Zambelli: Itália cita falta de imparcialidade de Moraes ao negar extradição
Documento foi divulgado nesta quinta-feira

Nesta quinta-feira (11), a Corte de Cassação de Roma publicou a motivação da decisão que negou a extradição da ex-deputada Carla Zambelli para o Brasil. O documento indica que para os juízes italianos, o ministro do Supremo Tribunal Federal (STF), Alexandre de Moraes, atuou como relator do caso e, ao mesmo tempo, foi tratado como pessoa lesada por um dos crimes atribuídos à ex-parlamentar.
A decisão da Justiça da Itália foi tomada em 22 de maio.

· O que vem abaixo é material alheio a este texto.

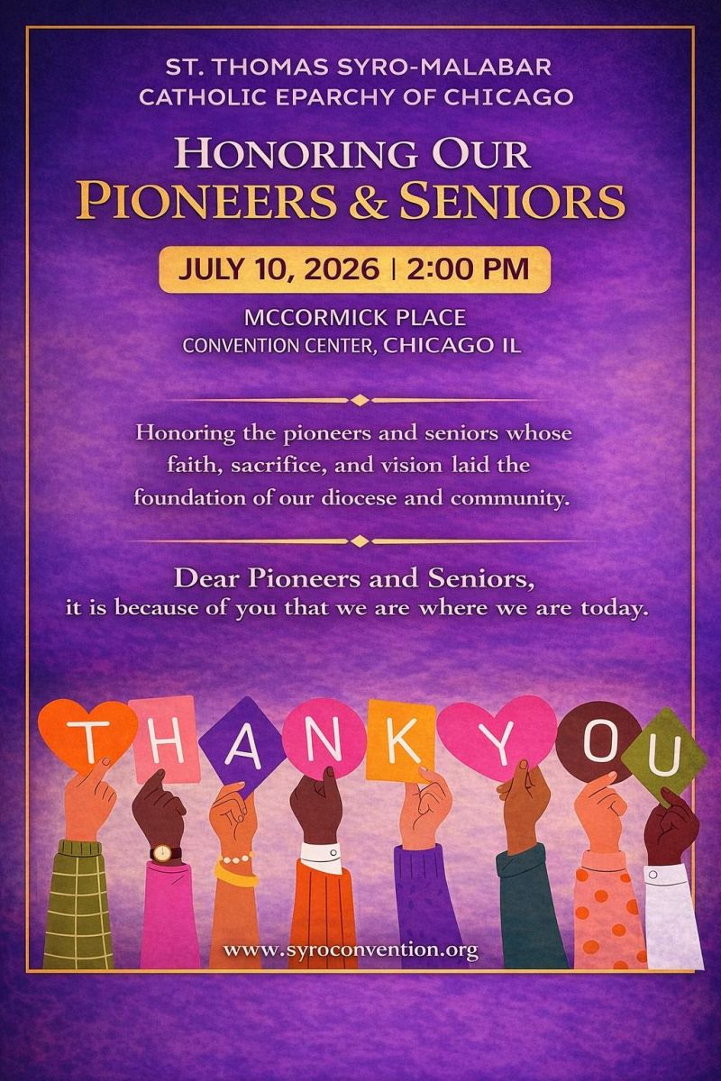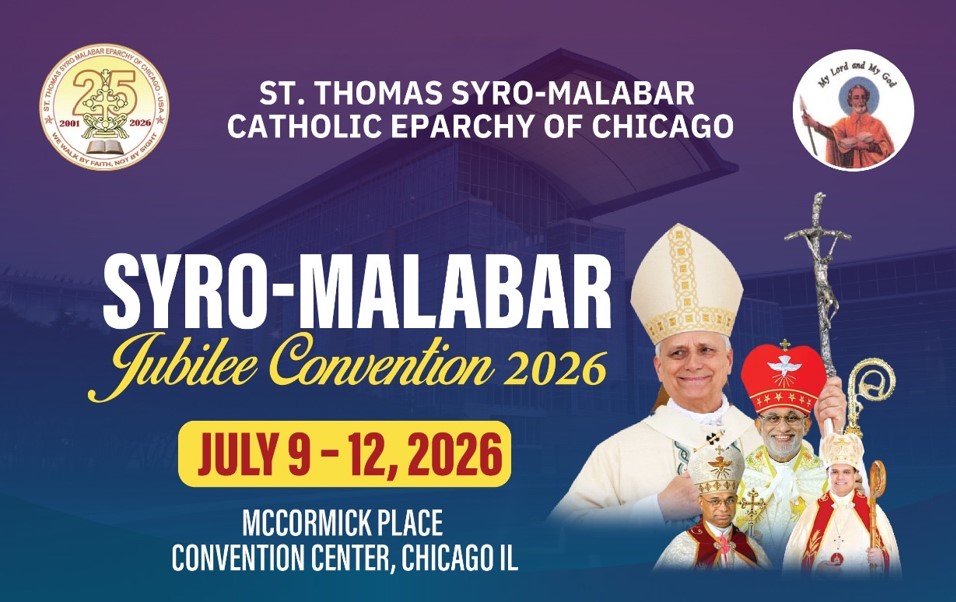 ഷിക്കാഗോ സീറോ മലബാർ രൂപതയുടെ സിൽവർ ജൂബിലി ആഘോഷങ്ങളുടെ സമാപനത്തോടനുബന്ധിച്ച് 2026 ജൂലൈ 9, 10, 11, 12 തീയതികളിൽ ഷിക്കാഗോയിലെ മക്കോർമിക് പ്ലേസ് കൺവൻഷൻ സെന്ററിൽ വെച്ച് നടക്കുന്ന സീറോ മലബാർ കൺവൻഷനിലാണ് ഈ സംഗമം.
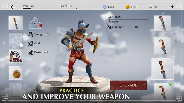 在战斗中赚钱来定制你的角色,制定经营计划,让敌人的血溅到竞技场,和他们战斗到最后一刻,成就是最高成就的荣耀。
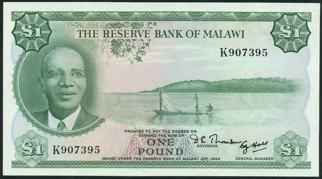 (x) Reserve Bank of Malawi, 5 shillings, serial number F 098087, blue-grey, 10 shillings, serial number G 669363, red-brown, also £1, serial number K 907395, all 1968-1971, President Hastings Banda at left, fishermen on Lake Malawi at centre, D.E.Thomson and D.J.Holt signatures

Na ocasião, a Corte do país europeu anulou o pedido de extradição e determinou a libertação de Zambelli.
O documento divulgado nesta quinta mostra que os juízes da Sexta Seção Penal dão razão aos advogados italianos da ex-deputada que embasaram a defesa alegando a imparcialidade do ministro Moraes. De acordo com a Corte, ele acumulou funções: era relator do processo, autor de medidas cautelares, julgador em todas as instâncias e também pessoa danificada pelos fatos criminosos.
Na Itália, Zambelli responde a dois pedidos de extradição distintos, relacionados a uma condenação diferente no Brasil. O primeiro motivo, que foi tratado na decisão de 22 de maio, é sobre uma condenação a 10 anos de prisão por invasão ao sistema do Conselho Nacional de Justiça (CNJ), caso em que Moraes atuou como relator no Supremo Tribunal Federal (STF).

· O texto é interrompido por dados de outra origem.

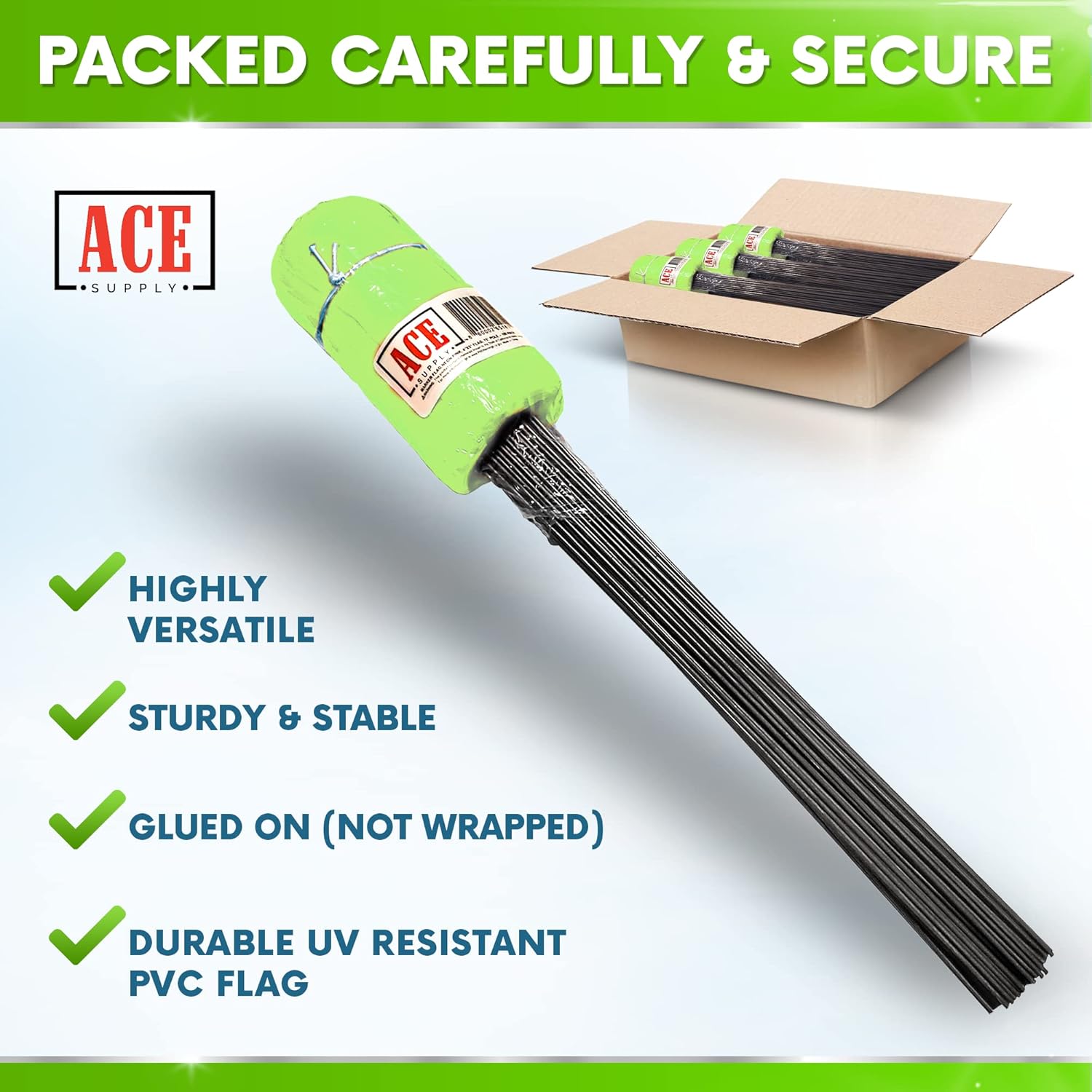 - STURDY & STABLE - Rest easy using these flag markers for yard projects. Our yard marker flags are glued on, making them reliable in high winds. The staff is made of steel for ultimate durability.
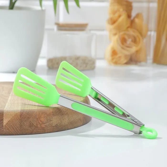 Щипцы кулинарные Доляна «Лопатка», 25×5 см, цвет зелёный — Характеристики
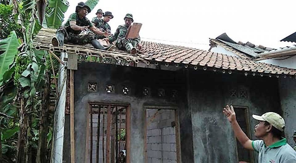 Saat pemasangan genteng rumah yang proses perehabannya akan selesai, sejulah anggota Satgas dan warga setempat melakukan akrobatik. Yakni dengan cara melempar dari bawah dan ditangkap para anggota Satgas yang sudah siap stanbay di tas atap rumah.
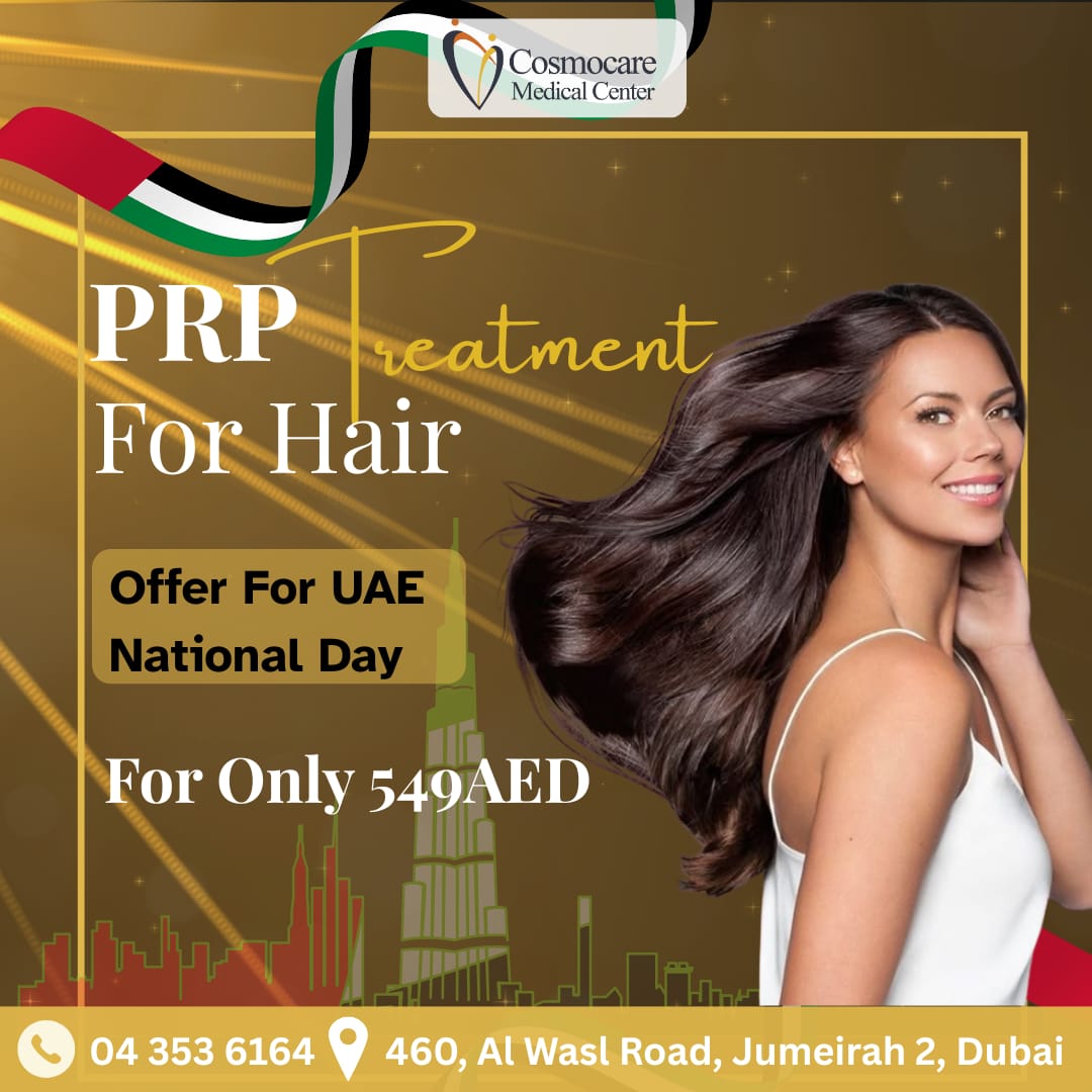 UAE National Day Exclusive: PRP Hair Treatment Offer! Celebrate the spirit of the UAE with an exclusive offer on PRP (Platelet-Rich Plasma) Hair Treatment at Cosmocare Medical Center! Looking for a natural and effective way to combat hair loss and stimulate growth? Our PRP treatment is available for only...

O segundo pedido contra Zambelli é sobre a condenação de 5 anos e 3 meses de prisão por porte ilegal de arma de fogo e constrangimento ilegal. O caso é relacionado ao episódio em que Zambelli correu com uma arma atrás de um homem em São Paulo na véspera do segundo turno das eleições de 2022. O recurso sobre essa segunda extradição ainda tramita na Corte de Cassação e tem audiência prevista para 1º de julho. As informações são do UOL.
Por meio das redes sociais, o advogado Fábio Pagnozzi, que representa a ex-congressista, disse que a” decisão da Justiça italiana expõe Moraes ao mundo como um ditador”.
– A decisão da Justiça italiana colocou Alexandre de Moraes no banco dos réus da opinião pública internacional e expôs os abusos que tantos brasileiros denunciam há anos – escreveu Pagnozzi, no X.